**WORK REQUIRED**
Go through the listing below. Copy each line that has the string "area".

**STORED DATA**
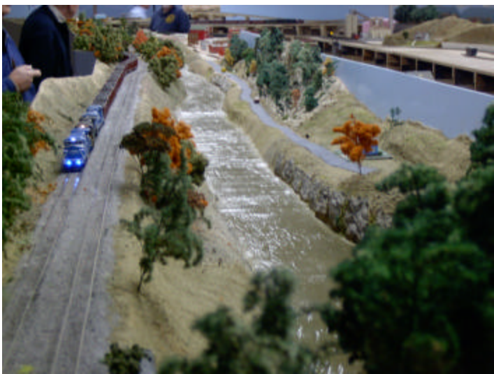
Mifflin County Model Railroad Club Lewistown, PA – December 10, 2005
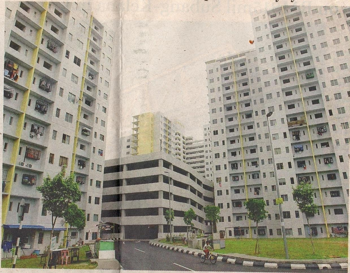
Under scrutiny: Public housing will be one of the area's the committee will focus on.

"Another crucial area is the delivery system, central to the idea of a
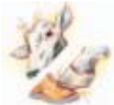
Animal movement can cause injury

**WRITTEN ANSWER**
Under scrutiny: Public housing will be one of the area's the committee will focus on.
"Another crucial area is the delivery system, central to the idea of a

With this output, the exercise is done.